Rock Anchors generally consist of steel elements (bars or strands) grouted in a drilled hole. The bars or strands are subsequently tensioned. This provides lateral or vertical force to resist movement of a retaining structure. Anchors are often used for excavation support, or as a part of permanent retaining walls, or to resist up-lift forces on foundations. ABE Enterprises uses rock anchors to stabilize slopes and walls, provide tiebacks for bridges, stabilize dams, and secure caisson bottoms.

Mat Footing Uplift

When highly loaded structures bear on a shallow rock, a mat foundation is often used. These mat foundations also sometimes carry uplift requirements. Grouted anchors are drilled from the bearing surface into the rock and cast integral with the mat is an efficient solution to this problem.

Drilled Pier Uplift

The design of drilled piers sometimes requires rock anchors extending below the pier tip into bedrock for uplift capacity. This can be accomplished either during construction or after the construction of the drilled pier as a retrofit. These anchors are grouted with reinforcing steel. Grout to rock bond provides the required uplift capacity.

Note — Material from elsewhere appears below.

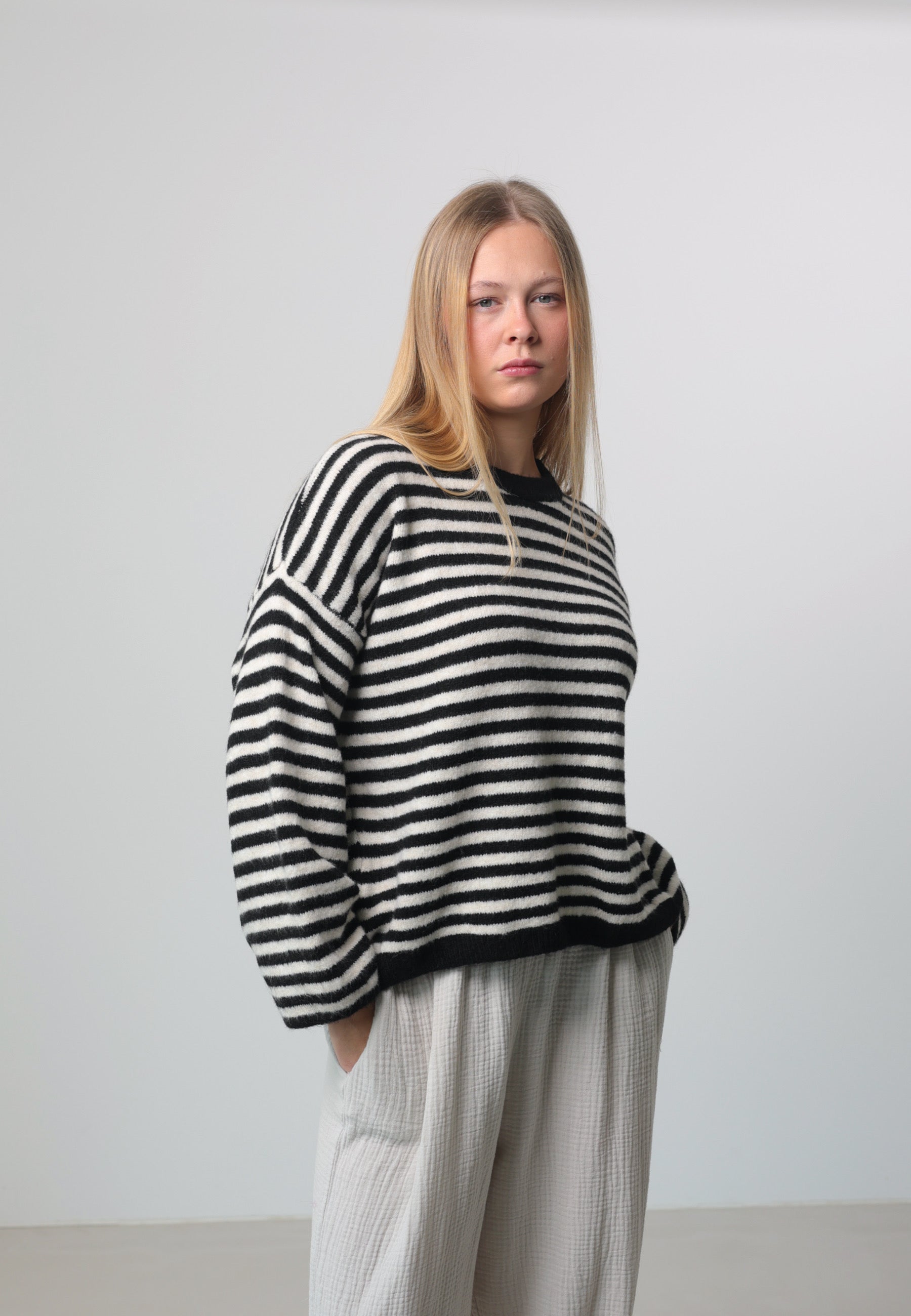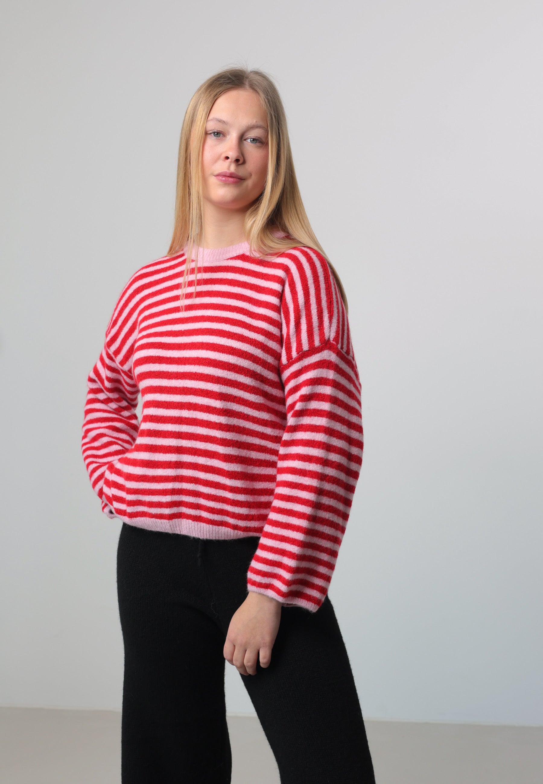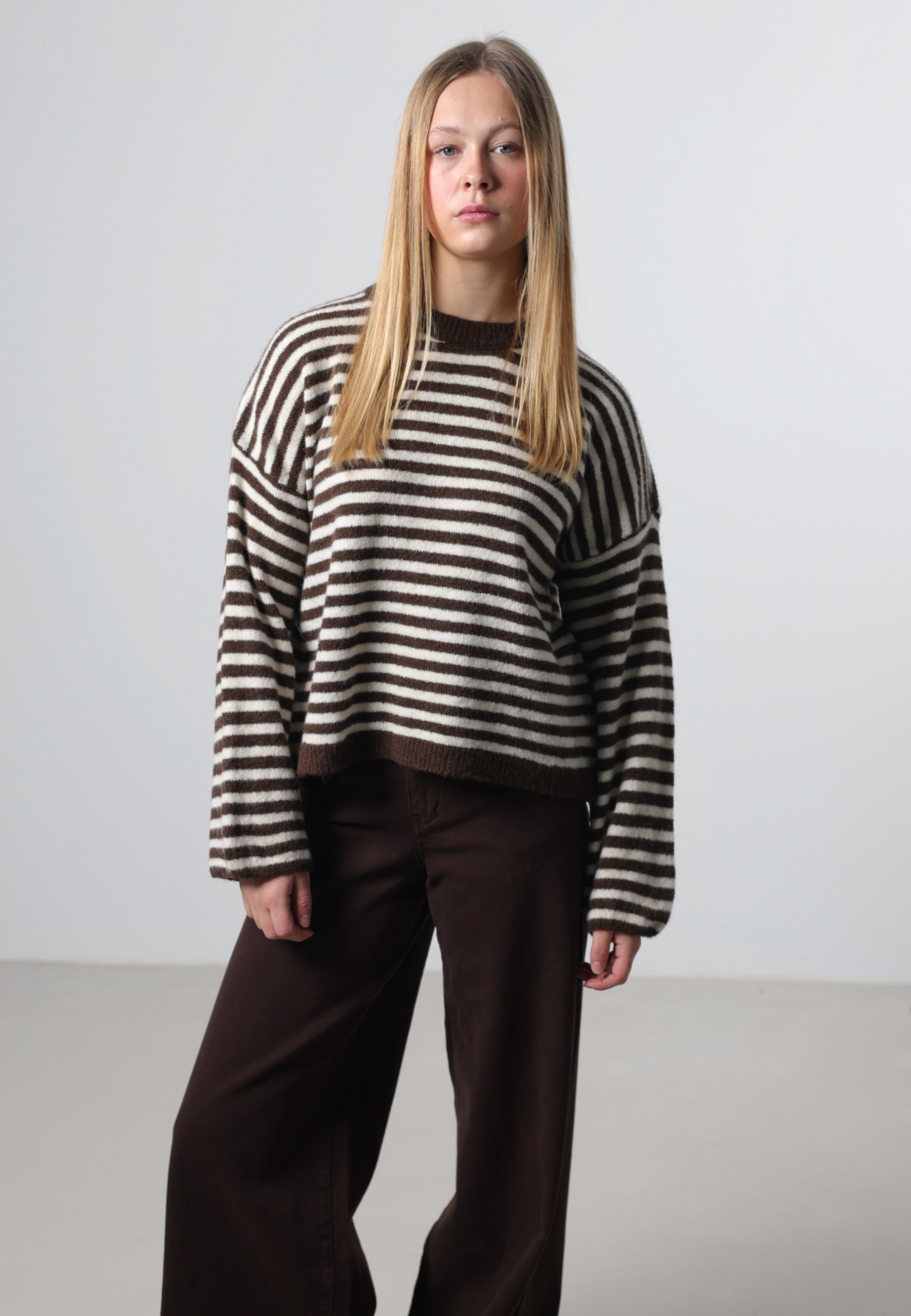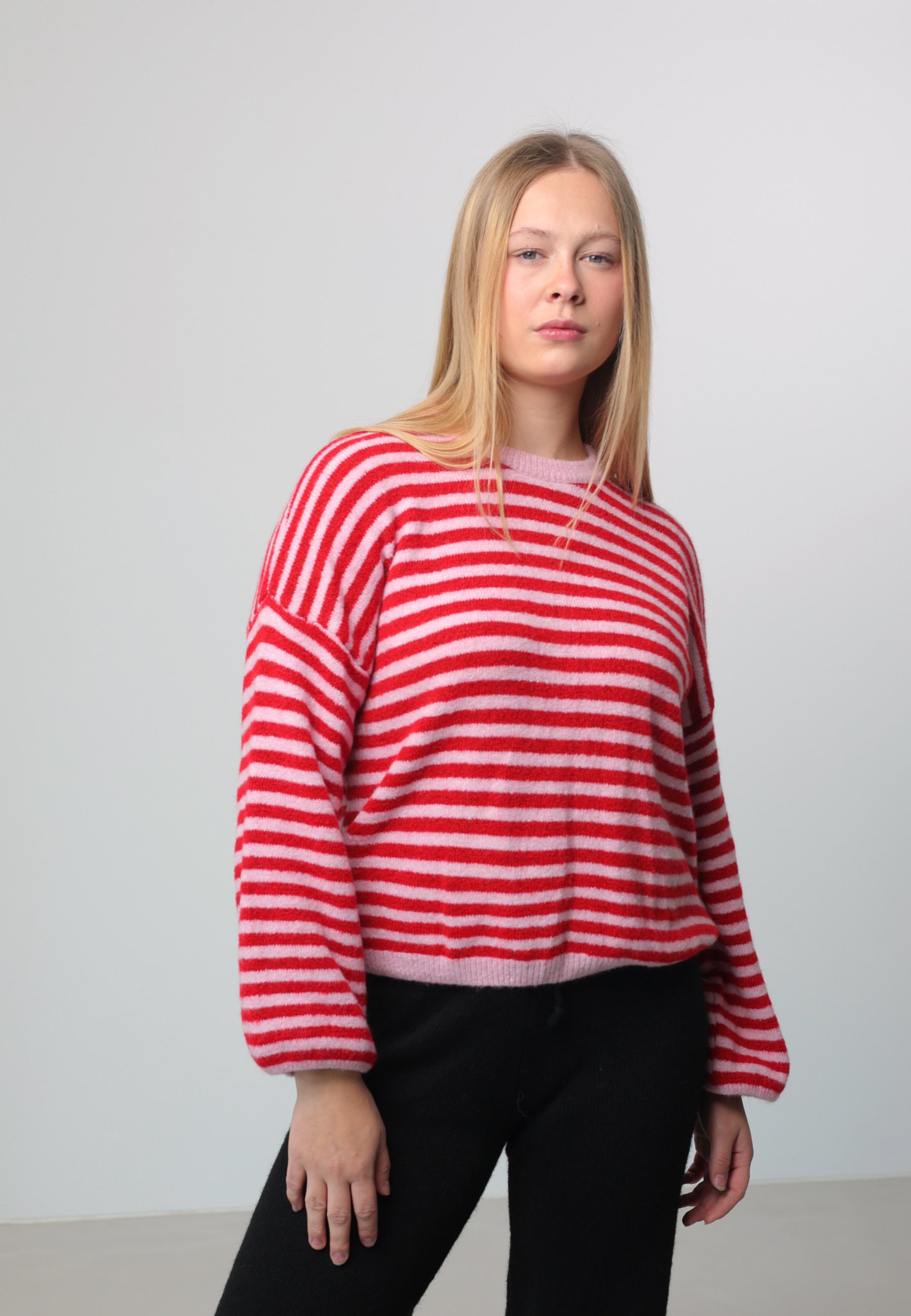 Ein modischer Strickpullover mit harmonischem Streifendesign. Der locker fallende Schnitt mit weiten Ärmeln sorgt für einen lässigen Look und ist ideal für stylishe Layering-Outfits. Das Material ist angenehm weich, formstabil und perfekt für den Alltag.

Underpinning is a solid foundation laid below ground level to support or strengthen a building.

Pit Underpinning

Traditional pit underpinning is often used when excavation must be made beneath a shallow foundation. This method of underpinning is most often utilized when a shallow foundation experiences unacceptable levels of settlement, or if an expansion or renovation of an existing structure requires excavation below the bearing surface of the existing foundation.

Typically, a pit is excavated directly beneath a portion of an existing footing to the depth of the new bearing surface. The pit is then filled with concrete and dry-packed. Once this process is repeated under the remaining portions of the footing, the underpinning is complete for that foundation.

Micropile Underpinning

If an existing foundation must have its bearing elevation lowered by a large amount, micropile underpinning may be more efficient than a deep, excavated pit. The advantage of this type of underpinning is that it may be accomplished prior to excavation and the versatility of the micropile allows for several load-transfer options.


ABE can perform a variety of tests on surfaces.

Compression Load Testing

Compression Load Testing

Tension Load Testing

Tension Load Testing

Lateral Load Testing

Lateral Load Testing

Statnamic Testing

Statnamic Test

Osterberg Load Cell Testing

The slurry hole method of drilled pier construction precludes the opportunity for bearing surface inspection. Therefore, some other form of subsurface load-transfer characterization is often required. One way of evaluating the subsurface is with Osterberg Load Cell Testing (O-cell Testing).

The O-cell test consists of a bi-directional expandable load cell that is placed near the bottom of a test shaft. Concrete is placed in the shaft and allowed to cure. Once the concrete is cured, a load test is run by inflating the cell at the bottom of the shaft. Since the cell expands upward and downward, the test allows for independent assessment of both the end bearing and skin friction capacity of the shaft. Once the load transfer is defined, the production shafts can be designed or re-designed, often with improvement upon original assumptions of geotechnical shaft capacity. ABE has performed multiple such tests throughout the Atlanta area and southeast and continues to offer this value engineering service on all drilled pier projects.